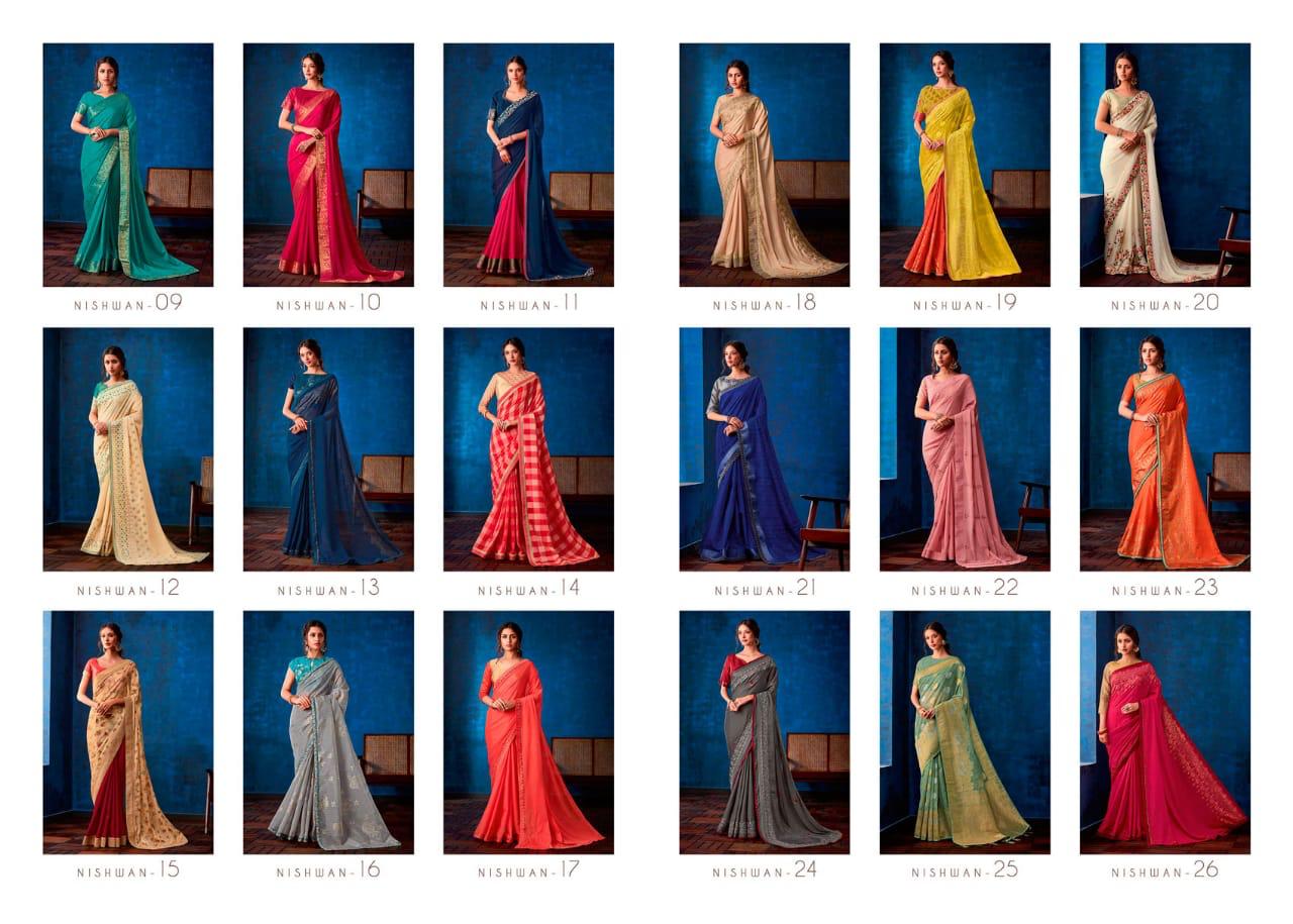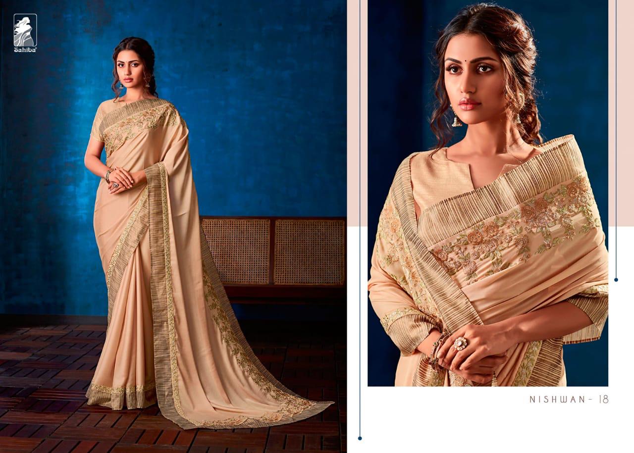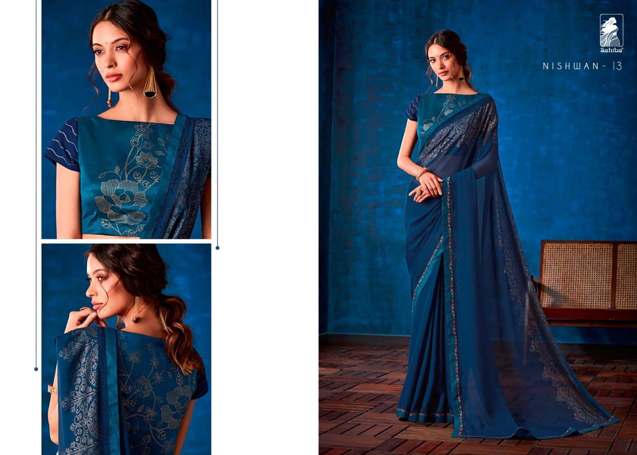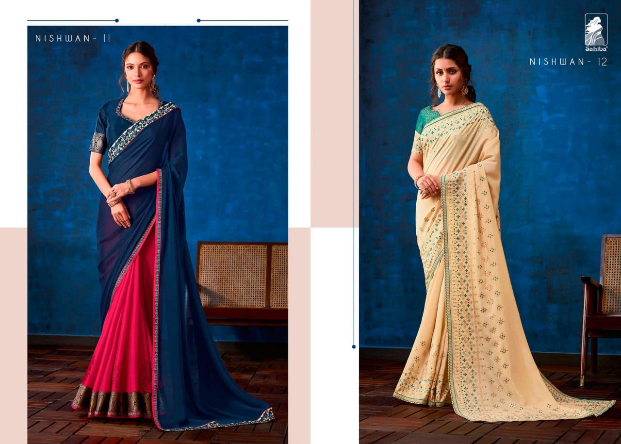 Brand- Sahiba Catlogue- Nishwan Fabric- *Fancy georget with fancy lace border and fancy blouse * Rate- AVERAGE RATE 1326₹ Pc ~ 18 GST- 5% Delivery- 2-3 Days |
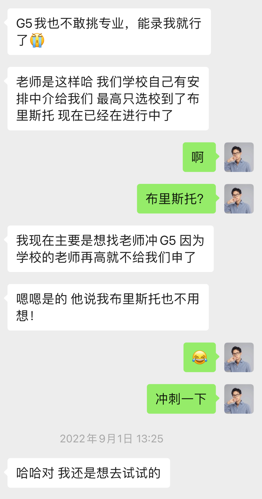Zoe 同学就是很好的例子。她所就读的院校给她安排了留学申请老师,但她的老师只给她申请了布里斯托及排名以下的学校,再高的就不给申了,认为她“布里斯托也不用想”。而Zoe 同学是有名校梦想的,于是她找到了我们,想冲刺G5试试。了解Zoe 的情况后,我们认为她的综合条件还是有希望的,于是我们一直鼓励她。慢慢地,Zoe 同学坚定了信心并决定与我们合作。
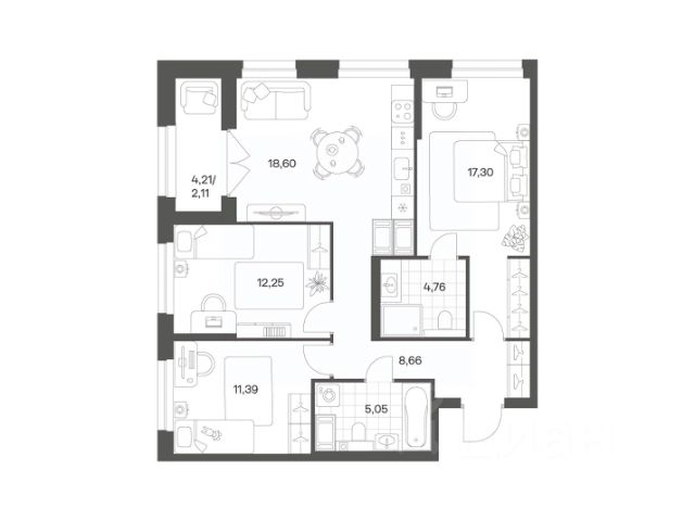 Продается квартира площадью 78.85 м² на 15 этаже 1 секции в Речной квартал от компании ГК "ТРЕСТ". Площадь кухни 18.24 м². Семейный жилой комплекс комфорт-класса "Речной квартал" от Группы компаний "ТРЕСТ" расположен в Невском районе Петербурга на пересечении Октябрьской набережной и Русановской улицы. Первая очередь квартала состоит из трёх корпусов, расположенных лучеобразно, чтобы максимально использовать естественное освещение и обеспечить видовые точки на локацию. Проект выделяется современными архитектурными решениями и дизайном. Концепция развития и благоустройства придомовой территории разделена на зоны отдыха, досуга и игровые площадки с учетом возраста и потребностей детей и взрослых. Квартал рассчитан на семейных покупателей, поэтому здесь нет студий: только одно-, двух- и трёхкомнатные квартиры. В проекте представлены квартиры с кухнями-гостиными, мастер-спальнями, гардеробными и кладовыми. "Речной квартал" - современный жилой комплекс с разнообразным благоустройством придомовой территории, просторными европланировками, закрытой охраняемой территорией и подземными паркингами. На территории комплекса уже функционирует детский сад на 110 мест. Также в квартале будет построена общеобразовательная школа на 475 мест с бассейном и стадионом. Открытие школы запланировано на 2029 год. Квартиры в ЖК "Речной квартал" можно приобрести с готовой отделкой от застройщика. Для покупателей квартир предусмотрено два варианта чистовой отделки "Ваниль" и "Шоколад". Чистовая отделка в квартирах ЖК "Речной квартал" предполагает монтаж натяжных потолков, укладку ламината, оклейку стен обоями под покраску, установку светильников и межкомнатных дверей. При отделке новой квартиры применяются качественные, натуральные и экологичные материалы, монтируется стильная импортная сантехника европейских брендов. Застройщик АО "Специализированный застройщик "Строительный трест".
***
--- WHAT THE TASK REQUIRES ---
Copy out the listing above in full and keep the pictures out.

--- EXERCISE RESULT ---
 Brand- Sahiba Catlogue- Nishwan Fabric- *Fancy georget with fancy lace border and fancy blouse * Rate- AVERAGE RATE 1326₹ Pc ~ 18 GST- 5% Delivery- 2-3 Days |
Zoe 同学就是很好的例子。她所就读的院校给她安排了留学申请老师,但她的老师只给她申请了布里斯托及排名以下的学校,再高的就不给申了,认为她“布里斯托也不用想”。而Zoe 同学是有名校梦想的,于是她找到了我们,想冲刺G5试试。了解Zoe 的情况后,我们认为她的综合条件还是有希望的,于是我们一直鼓励她。慢慢地,Zoe 同学坚定了信心并决定与我们合作。
 Продается квартира площадью 78.85 м² на 15 этаже 1 секции в Речной квартал от компании ГК "ТРЕСТ". Площадь кухни 18.24 м². Семейный жилой комплекс комфорт-класса "Речной квартал" от Группы компаний "ТРЕСТ" расположен в Невском районе Петербурга на пересечении Октябрьской набережной и Русановской улицы. Первая очередь квартала состоит из трёх корпусов, расположенных лучеобразно, чтобы максимально использовать естественное освещение и обеспечить видовые точки на локацию. Проект выделяется современными архитектурными решениями и дизайном. Концепция развития и благоустройства придомовой территории разделена на зоны отдыха, досуга и игровые площадки с учетом возраста и потребностей детей и взрослых. Квартал рассчитан на семейных покупателей, поэтому здесь нет студий: только одно-, двух- и трёхкомнатные квартиры. В проекте представлены квартиры с кухнями-гостиными, мастер-спальнями, гардеробными и кладовыми. "Речной квартал" - современный жилой комплекс с разнообразным благоустройством придомовой территории, просторными европланировками, закрытой охраняемой территорией и подземными паркингами. На территории комплекса уже функционирует детский сад на 110 мест. Также в квартале будет построена общеобразовательная школа на 475 мест с бассейном и стадионом. Открытие школы запланировано на 2029 год. Квартиры в ЖК "Речной квартал" можно приобрести с готовой отделкой от застройщика. Для покупателей квартир предусмотрено два варианта чистовой отделки "Ваниль" и "Шоколад". Чистовая отделка в квартирах ЖК "Речной квартал" предполагает монтаж натяжных потолков, укладку ламината, оклейку стен обоями под покраску, установку светильников и межкомнатных дверей. При отделке новой квартиры применяются качественные, натуральные и экологичные материалы, монтируется стильная импортная сантехника европейских брендов. Застройщик АО "Специализированный застройщик "Строительный трест".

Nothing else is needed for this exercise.